Minister of Culture and Francophonie
- In office 30 March 1993 – 11 May 1995
- President: François Mitterrand
- Prime Minister: Édouard Balladur
- Preceded by: Jack Lang
- Succeeded by: Philippe Douste-Blazy

Keeper of the Seals, Minister of Justice
- In office 18 May 1995 – 2 June 1997
- President: Jacques Chirac
- Prime Minister: Alain Juppé
- Preceded by: Pierre Méhaignerie
- Succeeded by: Élisabeth Guigou

Mayor of the 13th arrondissement of Paris
- In office 13 March 1983 – 18 March 2001
- Preceded by: None
- Succeeded by: Serge Blisko

Member of the European Parliament
- In office 20 July 2004 – 13 July 2009
- Constituency: Île-de-France

Personal details
- Born: 21 June 1941 (age 84) Nice, France
- Party: RPR UMP
- Spouse: Lise Weiler (died 2021)
- Alma mater: Sciences Po Lyon École nationale d'administration

= Jacques Toubon =

French politician and official

Jacques Toubon (born 21 June 1941) is a French right-wing politician who held several major national and Parisian offices. He served as Defender of Rights, the country's official ombudsman, from 2014 to 2020.

==Political career==

He was Minister of Culture for 1993–1995;
and Keeper of the Seals, Minister of Justice : 1995–1997.

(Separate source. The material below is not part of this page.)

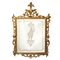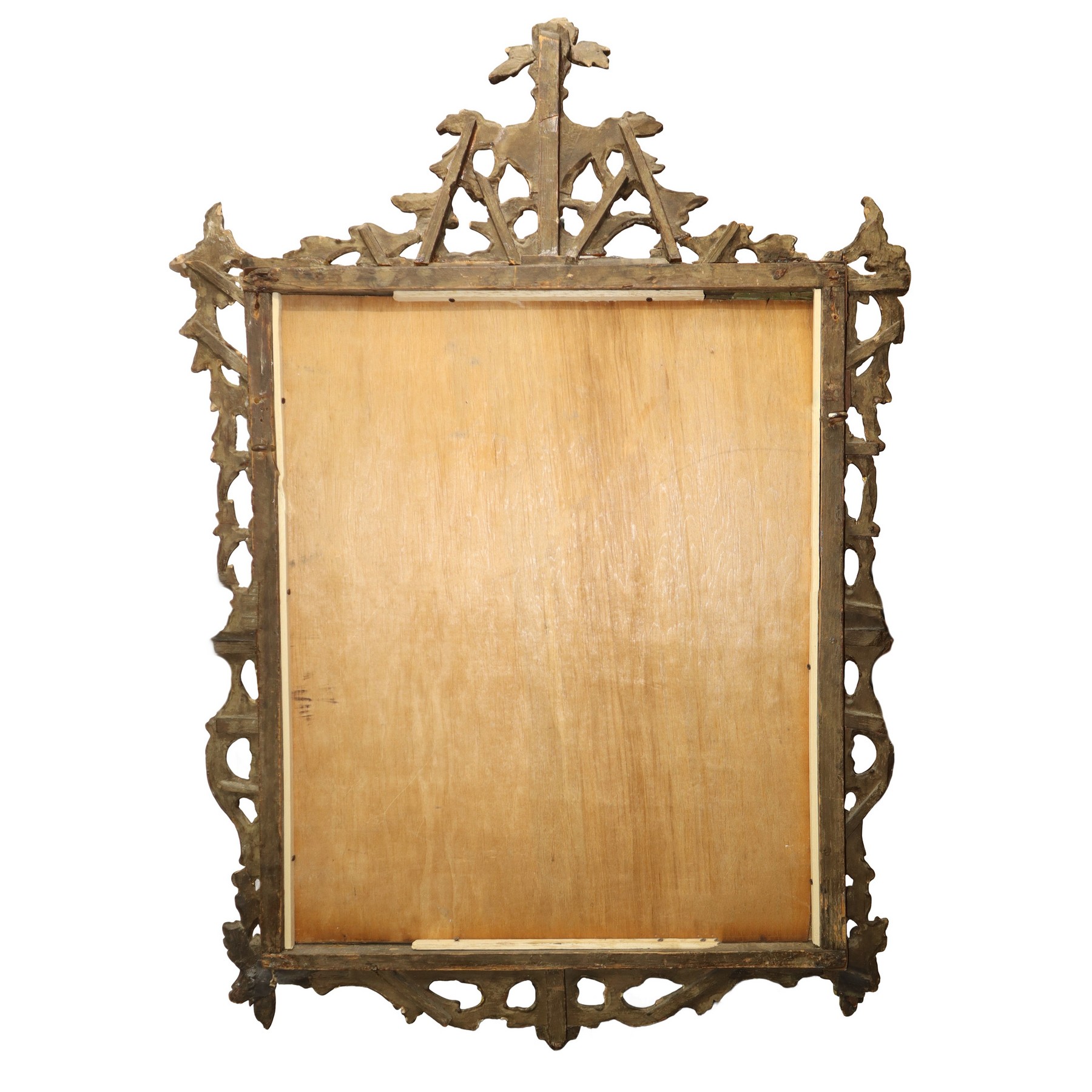 Specchiera veneziana in cornice dorata a foglia con specchio al mercurio bulinato con personaggio carnascialesco al centro, Venice 18° secolo h cm 72X60 incollatura alla cimasa

He was a Member of European Parliament : 2004–2009, Elected in 2004.
He was a Member of the National Assembly for Paris : 1981–1993 (became minister in 1993), Elected in 1981, reelected in 1986, 1988, 1993.

He was Deputy-mayor of Paris : 1983–2001, reelected in 1989, 1995.
Councillor of Paris : 1983–2008, reelected in 1989, 1995, 2001.
Mayor of the 13th arrondissement of Paris : 1983–2001, reelected in 1989, 1995.
Councillor of the 13th arrondissement of Paris : 1983–2001, reelected in 1989, 1995.

==Controversies==
Toubon is known for the controversial so-called Toubon Law, enforcing the use of the French language in official French government publications, and advertisements published in France. Since the law can largely be described as being hostile to the English language, Toubon is sometimes referred to, jokingly, as "Mr. Allgood" ("All Good" being a translation of "Tout bon", a homophone of his surname).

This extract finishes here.